--- SUPPLIED MATERIAL Enclosed Below ---

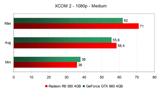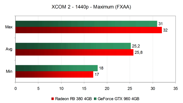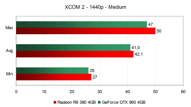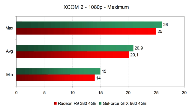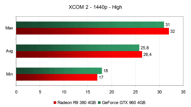 А вот при высоких настройках качества в 2560×1440 получилось уже хуже. И GeForce GTX 960, и Radeon R9 380 провалились еще ниже и выдают лишь около 26 FPS в среднем, что сложно назвать комфортной производительностью даже для пошаговой тактической игры XCom 2. Начиная с высоких настроек в разрешении 2560×1440 этот класс видеокарт можно называть играбельным весьма условно. С большой скидкой такую производительность можно назвать минимально допустимой для игры этого жанра, но в сценах с большим количеством персонажей и эффектов производительность может упасть ниже минимально комфортного уровня.
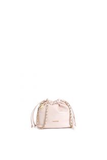minitasche mit kordelzugverschluss und kettenschulterriemen mit eleganten fäden powder
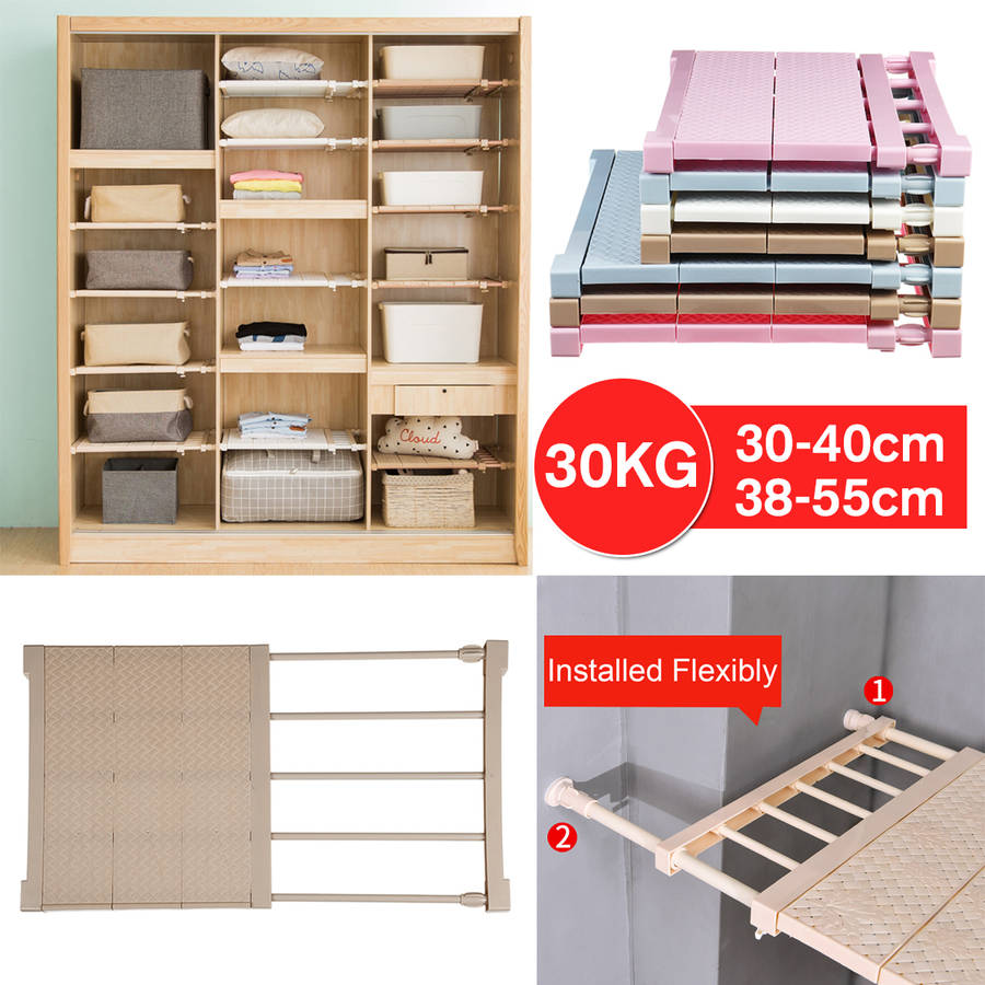 Adjustable Wardrobe Closet Organizer Storage Shelf Rack Wall Mounted S... (SIZE 3: L | COLOR1: BLUE)
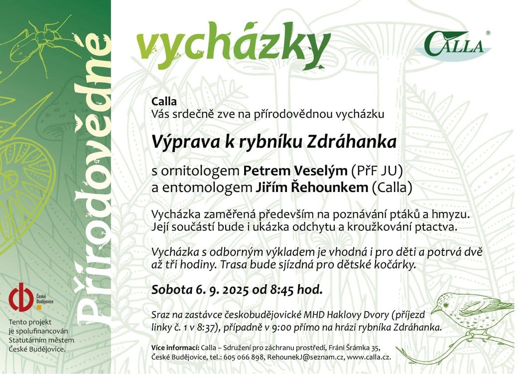 Calla Vás srdečně zvou na přírodovědnou vycházku „Výprava k rybníku Zdráhanka“ s ornitologem Petrem Veselým (PřF JU) a entomologem Jiřím Řehounkem (Calla). Vycházka zaměřená především na poznávání ptáků a hmyzu. Její součástí bude i ukázka odchytu a kroužkování ptactva. Vycházka s odborným výkladem je vhodná i pro děti a potrvá dvě až tři hodiny. Trasa bude sjízdná pro dětské kočárky.
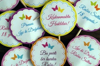 Rabia Sultan’ın 18 yaş doğum günü süslemeleri 18 yaşına giren Rabia Sultan için annesi Hayriye Hanım sürpriz bir doğum günü partisi düzenledi. Biz de onun için kelebekli, çiçekli rengarenk ürünler hazırladık. 18 yaşın tazeliğini…
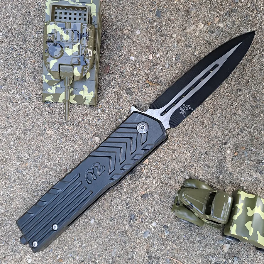 Navaja semiautomatica color negro con rompe vidrio
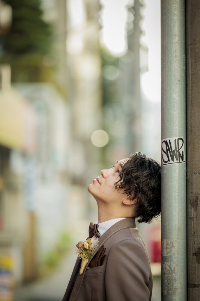 花婿様がポストに寄りかかり、花嫁様と視線を交わす親密な構図が、リラックスしたお二人の関係性を物語っています。
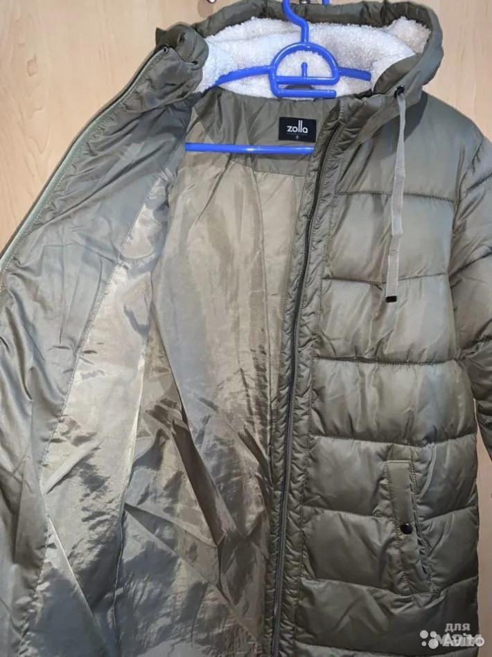 прямого кроя, по бокам маленькие разрезики 7см, капюшон не отстегивается, внутри капюшона искусственный мех, в рукавах трикотажные манжеты
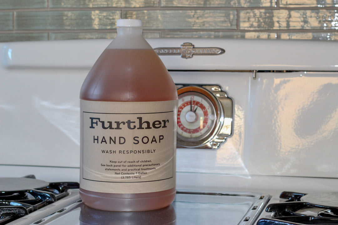 And now, no more tossing your empty bottles of Further Soap in to the recycling bin – now you can simply refill! As a reminder, 1 gallon = 128 ounces! What’s more? Now you can SUBSCRIBE & SAVE and never run out of Further again! See below for details.
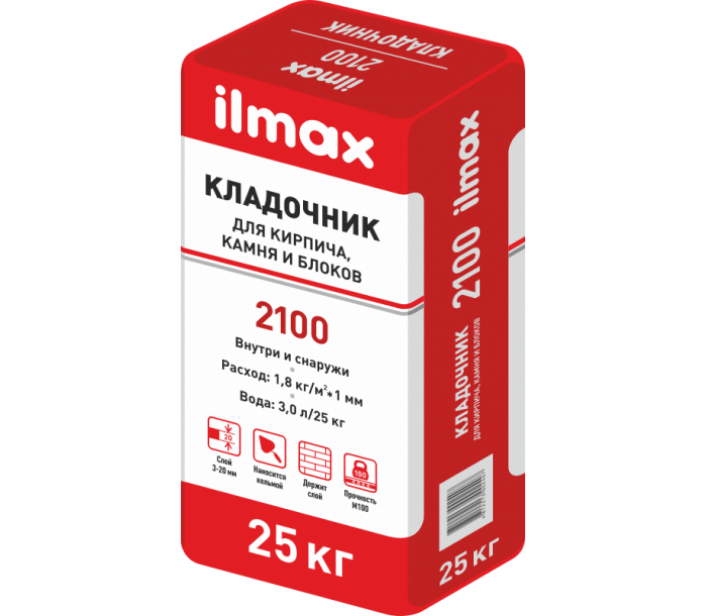 Назначение. ilmax 2100 предназначен для кладки внутренних и наружных стен и перегородок из керамического и силикатного кирпича (камней, блоков), керамзитобетонных и ячеистобетонных блоков, ФБС, блоков вибропрессованных из тяжелого бетона, природного и искусственного камня, в том числе для выравнивания оснований под кладку первого ряда. Может применяться для устранения дефектов (выбоин, сколов) в кладке. Область применения. Рекомендуется в качестве подстилающего слоя при опирании сборных железобетонных конструкций (плит перекрытий, элементов лестниц, балок и прогонов и т.п.) на несущие стены, для заполнения швов и стыков при монтаже сборных ЖБК, для устройства рядовых и арочных перемычек в кладке., новый товар.
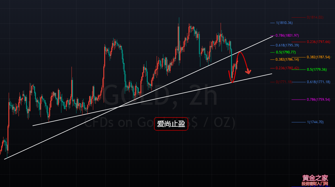黃金,在上周四沖擊1813高點未破,觸及4小時級別趨勢線壓制點1810后走回落,彰顯出此壓力位的有效性;而美指,在同一時段觸及了日線級別趨勢線支撐點,也就預示著黃金短期將面臨調整,那么,周五黃金,就需以逢高做空為主,特別是在跌破4小時趨勢線支撐1788后,任何的反抽,都是給我們做空的機會,這也是我們在周五反復做空的因素之一,當然啦,這段時間沒寫分析,也沒公布思路。周五晚間,黃金最低觸及1771后,受到4小時級趨勢線支撐及1745-1813反抽回撤的0.618支撐開始反彈整理收盤,周線方面最終收取一根上影線較長的紡錘形態,這種形態收線后,日內黃金還需看空。 當前,黃金小幅突破周五凌晨高點及頂底轉換位1783,突破此位后,短期金價還有反彈的需求,上方阻力關注4小時上升趨勢線反壓力位1790-91,此位也是日線5日均線壓制及此輪回撤反抽50%的阻力位,午后黃金,觸及1790附近空,主要看歐盤強弱,歐盤黃金若能跌破早間起漲點1779,美盤應該還有一跌,強支撐繼續關注周五晚間低點1771;若歐盤黃金有效突破并站穩1791,空單回撤后就需調倉出局,美盤再另行安排。 操作建議: 1790附近空,止損1795.目標看1780-75 |
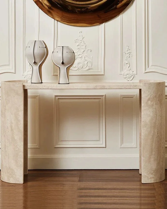 Ideal for an entryway the Mandela Natural Travertine Crescent Console Table features a crescent moon design that seamlessly flows with artisan-made circular lines. Crafted with high quality and durable 100% natural travertine, this piece features stone sourced from South Africa and other countries around the world. More than a console table, the Mandela Natural Travertine Crescent Console Table is an incredible work of art for your interior — a handcrafted stone sculpture that is sure to make a statement in your home for generations. Explore the complete Mandela Collection to finish the look.
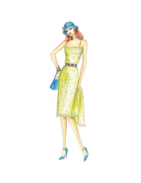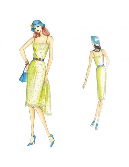Die Taille dieses Petticoatkleides wird durch einen Gürtel markiert. Empfohlener Stoff: Ösenstickerei.
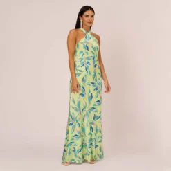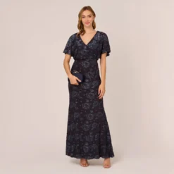 Adrianna Papell Floral Sequin Boho Gown With Lace Up Flutter Short Sleeves In Glacier
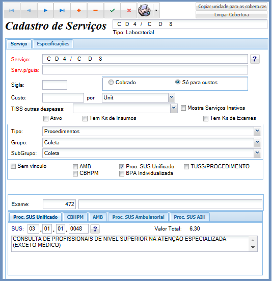 Caso o serviço seja um honorário ou um procedimento, ele poderá ser vinculado a tabelas do tipo amb 90, 92, 96, 99 (Digite o código do procedimento da tabela AMB no campo indicado).
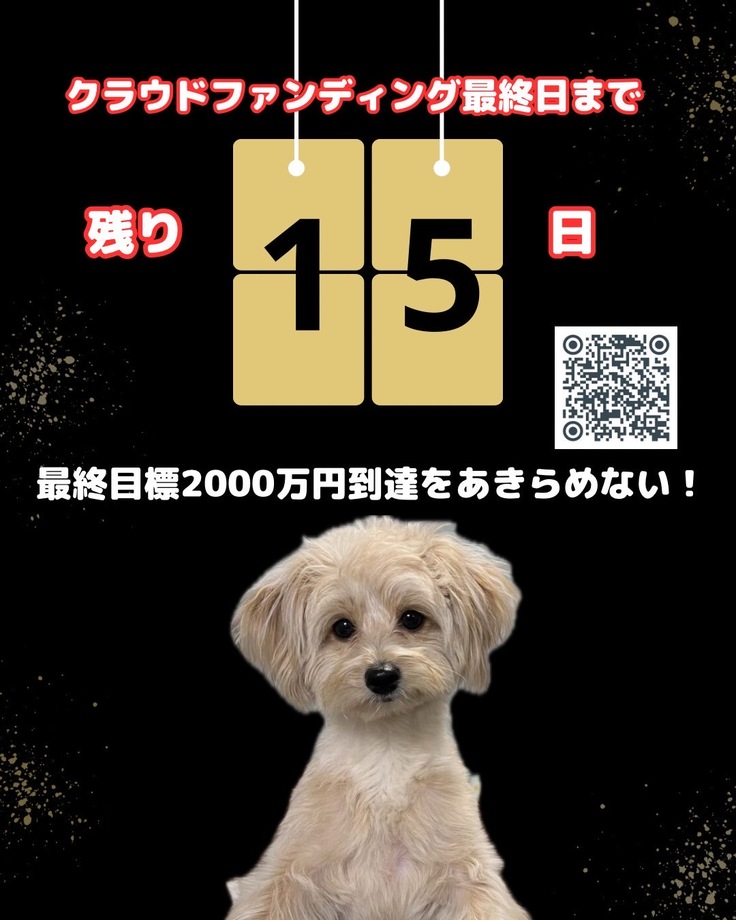 残り15日残されておりますが、私たちが目指す最終目標は2,000万円です!
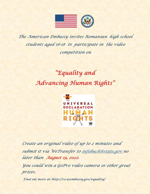 Ca parte a campaniei de creștere a respectului și a gradului de conștientizare pentru drepturile omului, prin reducerea inegalităților, Ambasada S.U.A. la București invită liceenii cu vârste cuprinse între 16-18 ani să participe la o competiție de clipuri video pe tema „Egalitate și promovarea drepturilor omului”.

--- End of Enclosed SUPPLIED MATERIAL ---

◆ WORK TASK ◆
Apart from the pictures, repeat the data above exactly.

◆ EXPECTED ANSWER ◆
 А вот при высоких настройках качества в 2560×1440 получилось уже хуже. И GeForce GTX 960, и Radeon R9 380 провалились еще ниже и выдают лишь около 26 FPS в среднем, что сложно назвать комфортной производительностью даже для пошаговой тактической игры XCom 2. Начиная с высоких настроек в разрешении 2560×1440 этот класс видеокарт можно называть играбельным весьма условно. С большой скидкой такую производительность можно назвать минимально допустимой для игры этого жанра, но в сценах с большим количеством персонажей и эффектов производительность может упасть ниже минимально комфортного уровня.
minitasche mit kordelzugverschluss und kettenschulterriemen mit eleganten fäden powder
 Adjustable Wardrobe Closet Organizer Storage Shelf Rack Wall Mounted S... (SIZE 3: L | COLOR1: BLUE)
 Calla Vás srdečně zvou na přírodovědnou vycházku „Výprava k rybníku Zdráhanka“ s ornitologem Petrem Veselým (PřF JU) a entomologem Jiřím Řehounkem (Calla). Vycházka zaměřená především na poznávání ptáků a hmyzu. Její součástí bude i ukázka odchytu a kroužkování ptactva. Vycházka s odborným výkladem je vhodná i pro děti a potrvá dvě až tři hodiny. Trasa bude sjízdná pro dětské kočárky.
 Rabia Sultan’ın 18 yaş doğum günü süslemeleri 18 yaşına giren Rabia Sultan için annesi Hayriye Hanım sürpriz bir doğum günü partisi düzenledi. Biz de onun için kelebekli, çiçekli rengarenk ürünler hazırladık. 18 yaşın tazeliğini…
 Navaja semiautomatica color negro con rompe vidrio
 花婿様がポストに寄りかかり、花嫁様と視線を交わす親密な構図が、リラックスしたお二人の関係性を物語っています。
 прямого кроя, по бокам маленькие разрезики 7см, капюшон не отстегивается, внутри капюшона искусственный мех, в рукавах трикотажные манжеты
 And now, no more tossing your empty bottles of Further Soap in to the recycling bin – now you can simply refill! As a reminder, 1 gallon = 128 ounces! What’s more? Now you can SUBSCRIBE & SAVE and never run out of Further again! See below for details.
 Назначение. ilmax 2100 предназначен для кладки внутренних и наружных стен и перегородок из керамического и силикатного кирпича (камней, блоков), керамзитобетонных и ячеистобетонных блоков, ФБС, блоков вибропрессованных из тяжелого бетона, природного и искусственного камня, в том числе для выравнивания оснований под кладку первого ряда. Может применяться для устранения дефектов (выбоин, сколов) в кладке. Область применения. Рекомендуется в качестве подстилающего слоя при опирании сборных железобетонных конструкций (плит перекрытий, элементов лестниц, балок и прогонов и т.п.) на несущие стены, для заполнения швов и стыков при монтаже сборных ЖБК, для устройства рядовых и арочных перемычек в кладке., новый товар.
黃金,在上周四沖擊1813高點未破,觸及4小時級別趨勢線壓制點1810后走回落,彰顯出此壓力位的有效性;而美指,在同一時段觸及了日線級別趨勢線支撐點,也就預示著黃金短期將面臨調整,那么,周五黃金,就需以逢高做空為主,特別是在跌破4小時趨勢線支撐1788后,任何的反抽,都是給我們做空的機會,這也是我們在周五反復做空的因素之一,當然啦,這段時間沒寫分析,也沒公布思路。周五晚間,黃金最低觸及1771后,受到4小時級趨勢線支撐及1745-1813反抽回撤的0.618支撐開始反彈整理收盤,周線方面最終收取一根上影線較長的紡錘形態,這種形態收線后,日內黃金還需看空。 當前,黃金小幅突破周五凌晨高點及頂底轉換位1783,突破此位后,短期金價還有反彈的需求,上方阻力關注4小時上升趨勢線反壓力位1790-91,此位也是日線5日均線壓制及此輪回撤反抽50%的阻力位,午后黃金,觸及1790附近空,主要看歐盤強弱,歐盤黃金若能跌破早間起漲點1779,美盤應該還有一跌,強支撐繼續關注周五晚間低點1771;若歐盤黃金有效突破并站穩1791,空單回撤后就需調倉出局,美盤再另行安排。 操作建議: 1790附近空,止損1795.目標看1780-75 |
 Ideal for an entryway the Mandela Natural Travertine Crescent Console Table features a crescent moon design that seamlessly flows with artisan-made circular lines. Crafted with high quality and durable 100% natural travertine, this piece features stone sourced from South Africa and other countries around the world. More than a console table, the Mandela Natural Travertine Crescent Console Table is an incredible work of art for your interior — a handcrafted stone sculpture that is sure to make a statement in your home for generations. Explore the complete Mandela Collection to finish the look.
Die Taille dieses Petticoatkleides wird durch einen Gürtel markiert. Empfohlener Stoff: Ösenstickerei.
 Adrianna Papell Floral Sequin Boho Gown With Lace Up Flutter Short Sleeves In Glacier
 Caso o serviço seja um honorário ou um procedimento, ele poderá ser vinculado a tabelas do tipo amb 90, 92, 96, 99 (Digite o código do procedimento da tabela AMB no campo indicado).
 残り15日残されておりますが、私たちが目指す最終目標は2,000万円です!
 Ca parte a campaniei de creștere a respectului și a gradului de conștientizare pentru drepturile omului, prin reducerea inegalităților, Ambasada S.U.A. la București invită liceenii cu vârste cuprinse între 16-18 ani să participe la o competiție de clipuri video pe tema „Egalitate și promovarea drepturilor omului”.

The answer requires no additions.